Basudeb DasSarma (1 January 1923 – 16 November 2007) was a chemist and faculty at the University College of Science and Technology of the University of Calcutta. He was among an early group of Indian scholars and professionals to emigrate to the US. He did groundbreaking research with John C. Bailar Jr. at the University of Illinois Urbana-Champaign, won an American Chemical Society award in 1971 for his contributions to the understanding of coordination and stereo-chemistry of metal complexes, and became a naturalized US citizen in 1972. He was a professor of chemistry at West Virginia State College from 1966 to 1992, President of the West Virginia Academy of Science, 1981–82, and a community leader and spokesman on environmental issues in the Kanawha Valley around Charleston, West Virginia. He died on 16 November 2007.

== Life and career ==

=== Early life and education ===
Basudeb DasSarma was born in Barisal in East Bengal now Bangladesh on early January 1923. His parents were Ashutosh DasSarma, an ayurvedic physician (kaviraj) and an active Indian independence movement activist and Surabala DasSarma. He started his education at the early age of 4. His first lessons were the Bengali alphabet and was taught by his father. Later on his sister became his instructor. Basudeb started his first public schooling at the age of 11 in grade 4 at Jhalokati Government Boys High School. After receiving high scores in high school, Basudeb became a student in Bachelor of Science in Brojomohun College (1940-1944). Since Basudeb was facing financial difficulties, he had to take private tuition to afford his housing rent during his college life. After Bachelors Basudeb completed his Master of Science (1944-1946) and Doctor of Philosophy in University College of Science, Technology & Agriculture under the University of Calcutta.

=== Career ===
After completing his Doctor of Philosophy Basudeb started his career as a lecturer in chemistry in University of Calcutta (1950-1953). From 1953-1955 he worked as a research associate in the University of Illinois at Urbana–Champaign with professor of Inorganic Chemistry John C. Bailar Jr.
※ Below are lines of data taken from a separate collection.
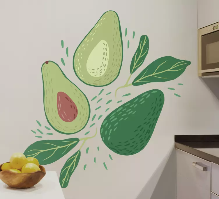 この鮮やかな描写は、アボカドの配置を特徴としており、その豊かな緑色と独特の形状を見せています。付属の葉は自然な感覚を高め、健康的な食事や新鮮な食材とのつながりを反映しています。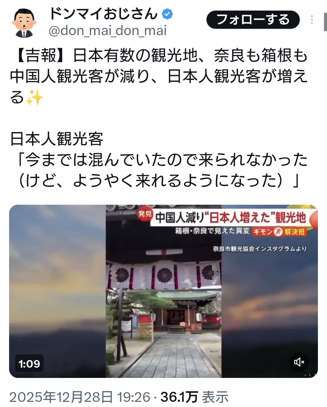 The post 中国人が減り“日本人が増えた”観光地 first appeared on Tweeter BreakingNews-ツイッ速!.
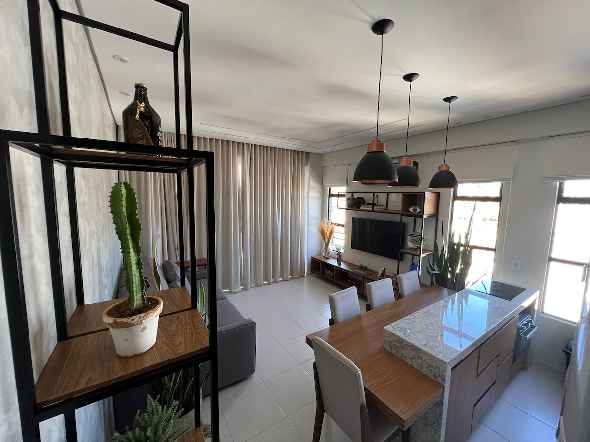 Matatagpuan may 5 minutong maigsing distansya mula sa Parque das Águas, ang flat ay may pinong dekorasyon at nag - aalok ng mga bed and bath linen, Wi - Fi, covered parking space,air - conditioning,hairdryer,TV at blackout curtains. Nilagyan ang kusina ng minibar, electric oven, microwave oven, electric stove na may bibig,coffee maker,set ng babasagin,kubyertos at iba pa. Sa common area ay ang laundry room at terrace na may barbecue,mga mesa at upuan na may malalawak na tanawin ng lungsod.

The research was about learning more about coordination and stereo-chemistry of metal complexes. After this he came back and served as a lecturer in the University of Calcutta for 2 more years from 1955-1957. While teaching in the University of Calcutta he got the opportunity to work as the chief chemist at the Geological Survey of India and left his job at the University of Calcutta. In 1966 Basudeb migrated to United States with his family and joined the West Virginia State University as a professor in chemistry. He retired from the West Virginia State University in the year 1991 and remained as a professor emerita until 1992. Basudeb also served as research chemist for Union Carbide since 1966. From 1971-1972 Basudeb served as the Certified Research Administrator in the Oak Ridge National Laboratory. In 1988 he also served as the Project manager in National Institute of Chemical Studies.

=== Major accomplishments ===

- He won the American Chemical Society Award in 1971 for his research and publications on coordination and stereo-chemistry of metal complexes.
- He won the West Virginia State University's Outstanding Faculty Member of the Year award in 1973.